Trump no es un dictador. Es el líder del caos. Ha habido muchas analogías y advertencias sobre la instauración de un régimen autoritario trumpista en EE.UU. Sin embargo, las características más relevantes de Trump son lo contrario de lo que hacen los típicos gobernantes autoritarios: imponer el control político del gobierno sobre la economía, la educación, la cultura, la información y los límites de la vida privada de los ciudadanos.
Por el contrario, Trump es una versión multiplicada del principal lema de Reagan: “El gobierno no es la solución a nuestros problemas; el gobierno es el problema”. Hace cinco años, Trump se presentó como un outsider cuyo principal enemigo era el establishment, es decir, políticos convencionales, burocracia civil, ejército, diplomacia y medios de comunicación. Una vez en Washington, no ha dejado de lanzar su retórica abusiva y ofensiva, de rechazar las reglas del juego democrático, de pelearse con el Congreso y otras instituciones y de beneficiarse personalmente de los asuntos gubernamentales.
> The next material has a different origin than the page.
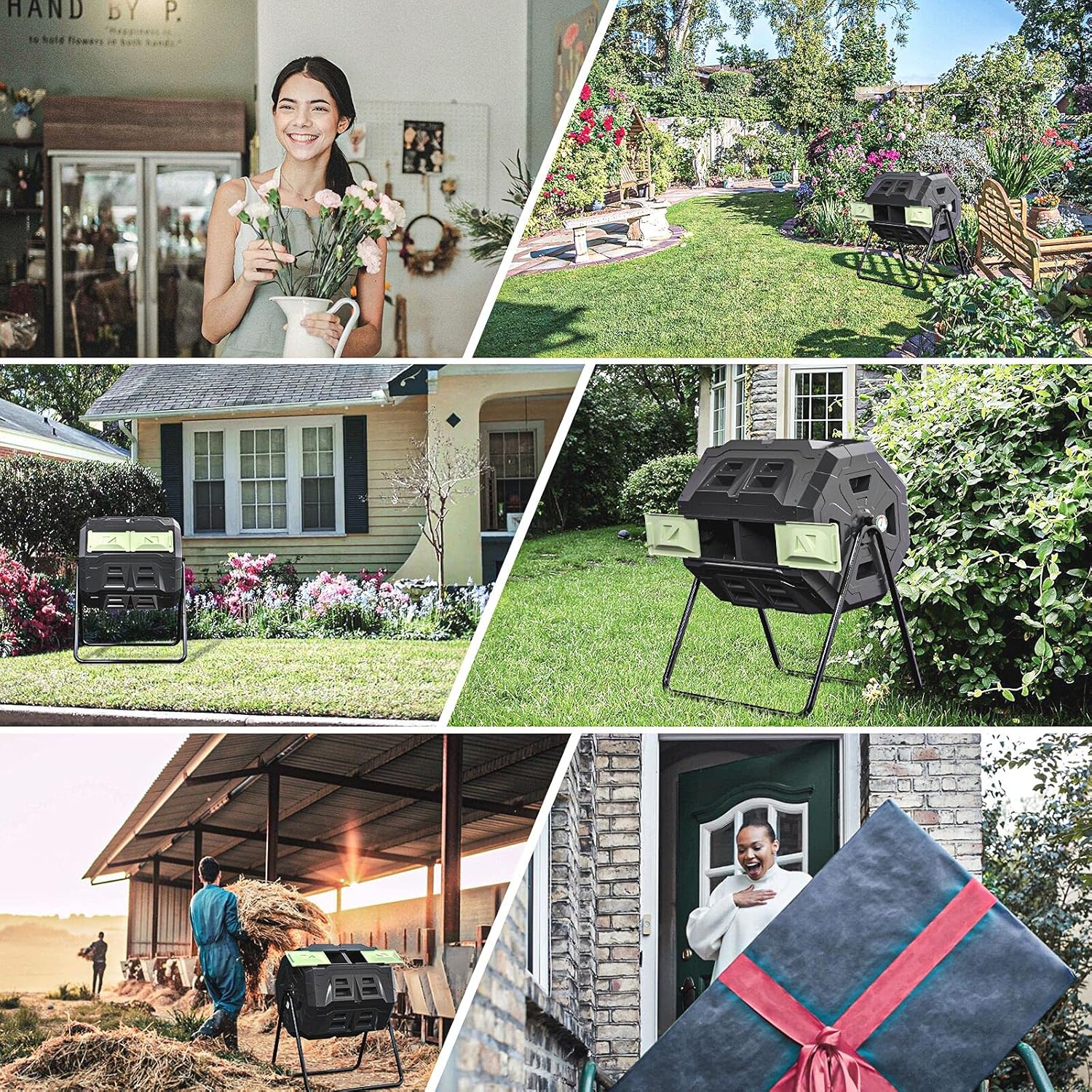 • ๐ŸŒฑTumbler design: The compost tumbler design just need you to rotate it slightly without having to dig, turn, and mix by hand.Only need to open the sliding door and put the scraps into it and rotate it 6-7 times every few days.

Se ha convertido en un infiltrado para volar el gobierno desde dentro.
En lugar de fortalecer al gobierno para aumentar su control, su principal logro legislativo es un recorte de impuestos. Ha llamado a los soldados “perdedores” y “pringados”, y está en conflicto con los jefes militares y de seguridad. Si su propósito fuera convertirse en un dictador, podría haber tomado la pandemia como una excusa para ampliar sus poderes. En lugar de ello, se ha negado a tomar el control de la crisis y ha descartado los consejos de los expertos sanitarios de introducir más regulaciones. No usa el Estado profundo, lo combate.
Su política no tiene ideología. Algunos filósofos estilizados podrían tener la tentación de etiquetarlo como libertario o antipaternalista. Pero cuando uno de sus aduladores en televisión le preguntó cuáles serían sus prioridades para un segundo mandato, Trump se quedó ofuscado, incapaz de pronunciar una palabra con significado. Por primera vez la Convención Nacional Republicana que lanzó su candidatura para la reelección fue disuelta sin ni siquiera adoptar un nuevo programa.
Hay diferentes tipos de partidarios de Trump, pero casi ninguno puede considerarse militante de una causa ideológica. Por supuesto, está la turba que asiste a sus mítines y le pone gran pasión, que apenas suma el 2% del electorado y Trump desprecia como “esa gente repugnante”. Los lunáticos de la extrema derecha o del supremacismo blanco siempre han estado ahí y no pueden promover un movimiento; las calles pertenecen a los manifestantes anti Trump.
Cuenta, en primer lugar, con el apoyo temporal de cínicos republicanos tradicionales que dan prioridad al recorte fiscal. Hay también seguidores incondicionales del presidente en el cargo, sea quien sea, a quienes les gusta estar cerca del poder. Se adaptarían a cualquier chamán que empuñara el altavoz de la Casa Blanca.
Los seguidores más distintivos de Trump son un cierto tipo de hombres blancos cabreados que no se benefician de los recortes de impuestos ni reciben ningún beneficio por estar cerca del poder. No necesariamente comparten la bazofia racista, xenófoba, sexista y nacionalista que Trump expele a diario. Muchos se ven a sí mismos como víctimas irremediables de los cambios sociales, económicos y tecnológicos y no vislumbran un futuro mejor en sus condiciones primarias de vida. Lo que comparten es un profundo rechazo y repulsión por casi todos los políticos y cualquier poder de hecho. Ven a Trump como un modelo de intemperancia, el mentiroso en jefe, un descontrolado, lo que les da la justificación para continuar cabreados, no cumplir las reglas y mentir también.
Trump no es un constructor de nuevas políticas públicas y normas sociales, sino el maestro del caos. Con su ejemplo desde la cumbre, da permiso a todos para comportarse sin normas, cada uno a su manera. Si fuera reelegido, EE.UU. no se convertiría en un país autoritario, como, por ejemplo, en Rusia Putin expande gradualmente el poder oficial. Trump más bien completaría la destrucción del funcionamiento regular de las instituciones y aumentaría el desgobierno. EE.UU. no se conver-tiría en una amenaza de guerra ni en un Gran Hermano orwelliano. Sería el mal ejemplo más visible en el mundo de desorden y desmadre general.